*PROBLEM REQUIREMENTS*
Please keep to the lines below from the one with "Soma magazeti ya" through the one with "lasiovi saunaan. |", and restate them word for word, ends included.

*DATASET EXCERPTS*

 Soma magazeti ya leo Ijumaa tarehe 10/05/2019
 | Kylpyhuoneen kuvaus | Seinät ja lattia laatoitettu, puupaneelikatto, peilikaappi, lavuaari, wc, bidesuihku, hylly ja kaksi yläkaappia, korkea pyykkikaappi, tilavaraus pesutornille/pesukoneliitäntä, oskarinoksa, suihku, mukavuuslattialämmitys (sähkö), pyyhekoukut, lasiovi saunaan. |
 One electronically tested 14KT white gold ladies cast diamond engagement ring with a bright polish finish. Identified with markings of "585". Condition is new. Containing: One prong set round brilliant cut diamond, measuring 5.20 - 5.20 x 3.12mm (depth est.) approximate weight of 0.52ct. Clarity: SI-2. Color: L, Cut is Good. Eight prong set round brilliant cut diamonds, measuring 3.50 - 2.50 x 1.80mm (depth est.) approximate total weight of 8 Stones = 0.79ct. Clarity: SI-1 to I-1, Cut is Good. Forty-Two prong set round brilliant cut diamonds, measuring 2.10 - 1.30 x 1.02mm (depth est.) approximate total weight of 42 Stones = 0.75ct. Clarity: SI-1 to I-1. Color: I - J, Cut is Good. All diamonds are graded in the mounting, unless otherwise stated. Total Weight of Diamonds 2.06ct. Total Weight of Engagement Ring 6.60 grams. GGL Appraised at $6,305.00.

--

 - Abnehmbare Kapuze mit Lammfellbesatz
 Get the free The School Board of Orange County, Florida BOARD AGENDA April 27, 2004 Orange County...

*EXERCISE RESPONSE*
 Soma magazeti ya leo Ijumaa tarehe 10/05/2019
 | Kylpyhuoneen kuvaus | Seinät ja lattia laatoitettu, puupaneelikatto, peilikaappi, lavuaari, wc, bidesuihku, hylly ja kaksi yläkaappia, korkea pyykkikaappi, tilavaraus pesutornille/pesukoneliitäntä, oskarinoksa, suihku, mukavuuslattialämmitys (sähkö), pyyhekoukut, lasiovi saunaan. |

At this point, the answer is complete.